I’ve only had one accident so far. I was working on a bowl and instead of using my jaws inside the hollow on the bottom I tried leaving a lip for it to grab into instead. Needless to say while I was turning the lip broke off sending my bowl into my tool rest then bouncing into my chest where I caught it in my arms. Will definitely be using the expansion hold instead of the compression from now on. And thanks for all the tips guys. I will be getting my new lathe when I get home today so hopefully it will improve my turning ability since the other lathe took as much time working on it as I did in my wood. You get what you pay for haha
 
You can safely use either expansion or compression to hold bowls.. but there are tricks to both.
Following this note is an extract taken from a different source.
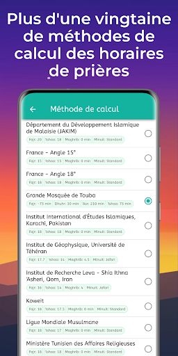 Plus d'une vingtaine de méthodes de calcul sont disponibles dans l'application (parmi lesquelles celle établie par Serigne Mbacké BOUSSO et appliquée dans la ville sainte de Touba et environs) mais aussi d'autres réglages et ajustements manuels.

I would highly recommend reading the "Chucking Related" section from Doc Greens site which covers this much clearer than I can:
http://www.docgreenwoodturner.com/articles.html

Actually his whole page is quite good, recommended if you have the time :)
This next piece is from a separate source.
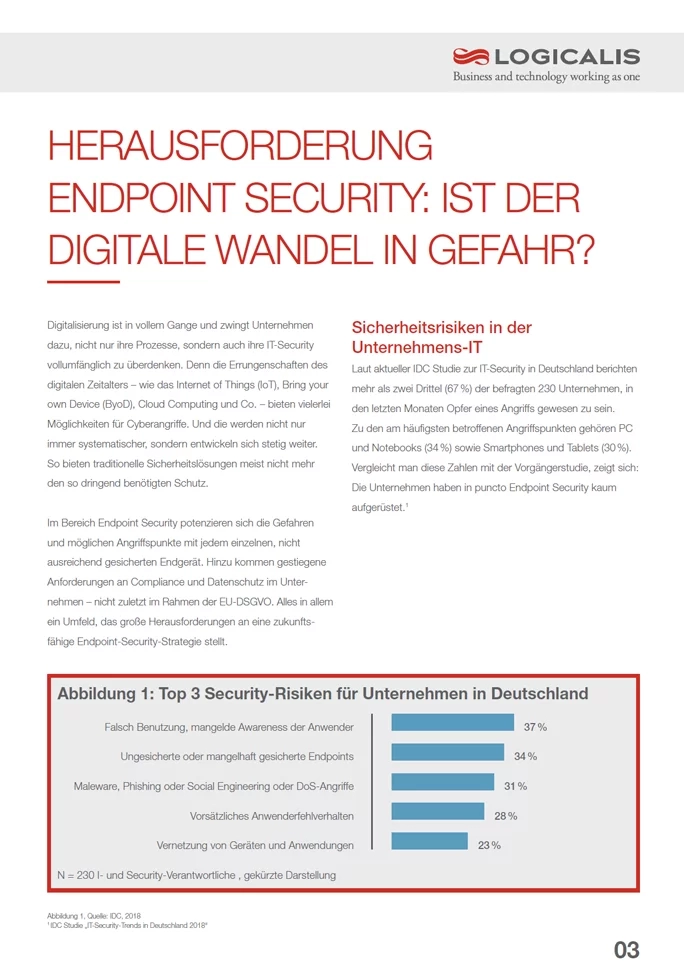 Logicalis ist Ihr zuverlässiger und erfahrener Begleiter auf dem Weg zu einer sicheren IT-Infrastruktur. Uns verbindet eine enge Partnerschaft mit unseren Security-Herstellern, wie zum Beispiel Cisco. Mit Hilfe unseres Ratgebers bekommen Sie einen guten Überblick über das Risiko von ungesicherten Endgeräten und erhalten wertvolle Impulse zum Schutz Ihres Unternehmens.

Since I'm here.. Alan Batty's "woodturning notes" is another great source of lots of introductory bits:
http://nebula.wsimg.com/cdb2c19af9c...EC0DC707F1FE36FCB&disposition=0&alloworigin=1

I found that via the cumberland woodturners links page:
http://www.cumberlandwoodturners.com/tips--links-and-projects.html
at a recommend from John Lucas who is another fantastic teacher/turner.
 
Yeah, when I first started I bought a STARK lathe from Walmart to see how I was going to like it. Well now that I have been turning for about 3 weeks and decided I really like it I decided to upgrade to a NOVA 2 Midi lathe. Much better quality lathe with much better designs and features. My wife is dying for me to find a way to make money with it. She has me making captive ring baby rattles and cups and such.image.jpg
 
I’ve only had one accident so far. I was working on a bowl and instead of using my jaws inside the hollow on the bottom I tried leaving a lip for it to grab into instead. Needless to say while I was turning the lip broke off sending my bowl into my tool rest then bouncing into my chest where I caught it in my arms. Will definitely be using the expansion hold instead of the compression from now on. ...

In my experience the expansion holds are as likely to slip, or more so, than the compression. Since I am cheap, and don't want to waste my prime wood on a larger lip, I often glue a block of scrap to the bottom, and turn it so that my lip is quite deep. I then cut off the scrap wood when I am done, either on the bandsaw or with a parting tool.